His death doesn’t erase the damage. The question is whether his culture-war blueprint will keep echoing, or whether America finally rejects the grinning hypocrisy of a man who screamed “censorship” while demanding others be silenced. By the way, does this sound familiar? Trump and his Administration use similar tactics.
Call To Action: We Must Act Fast
Kirk’s death has opened a window where MAGA opponents are at a disadvantage; momentum, emotional capital, money, and urgency are all on one side. If nothing pushes back:
- The aftershock may normalize censorship of dissenting voices, especially when conservative leaders deem them “offensive” or “disrespectful.”
- Laws could be written or enforcement policies made under these emergency frameworks that erode protections under vague terms like “hate speech,” “mockery,” or “celebration of violence.”

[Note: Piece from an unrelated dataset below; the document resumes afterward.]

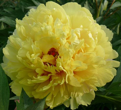 POLODŘEVITÁ PIVOŇKA (Itoh) Květy plné, veliké (18 cm), sytě žluté s prosvítající červenou uvnitř květu. Květy citrónově vonící. Zdravý a silný růst, plně mrazuvzdorná. Listy při rašení na jaře červené, později zelené. Jedinečná, velmi známá a oblíbená žlutá odrůda,.
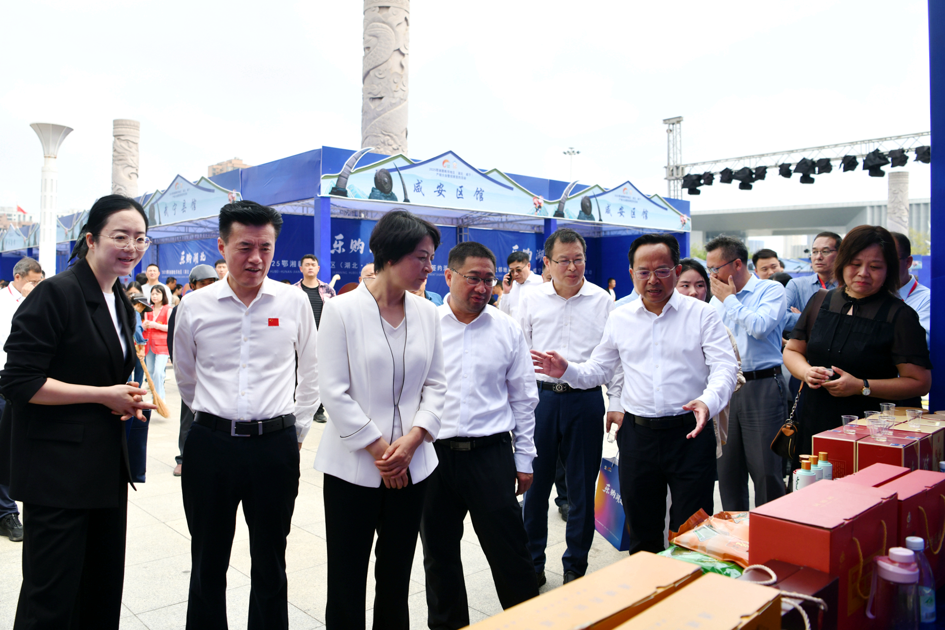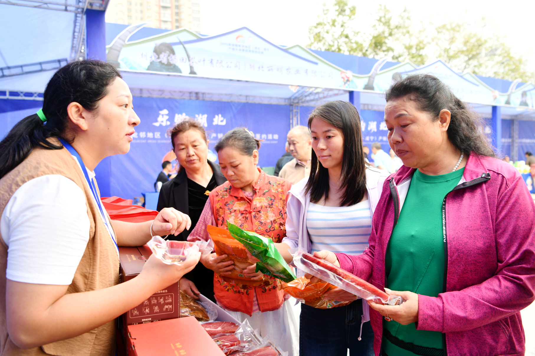 不仅外地特产备受青睐,本地“尖货”也借机走出“深闺”。在通城展区,以国家地理标志产品通城“两头乌”猪肉为原料制作的肉肠、腊味等产品,凭借鲜嫩的口感和地道的风味,成了参观群众争相购买的“香饽饽”,不少展位前刚摆上的货品,没多久就被抢购一空。

- The public perception war is being lost, at least in terms of framing: conservatives are shaping the narrative right now, and unless counter-voices act quickly, the story of the culture war becomes even more one-sided.
Therefore, we do need to act fast. That means vigilant journalism, legal challenge, public awareness, pushing for clarity in law (so that free speech protections are not eroded), and ensuring that criticisms of Kirk or disagreements, even strong ones, are not silenced just because they’re unpopular or painful to his movement.
Whatever you do, do not remain silent.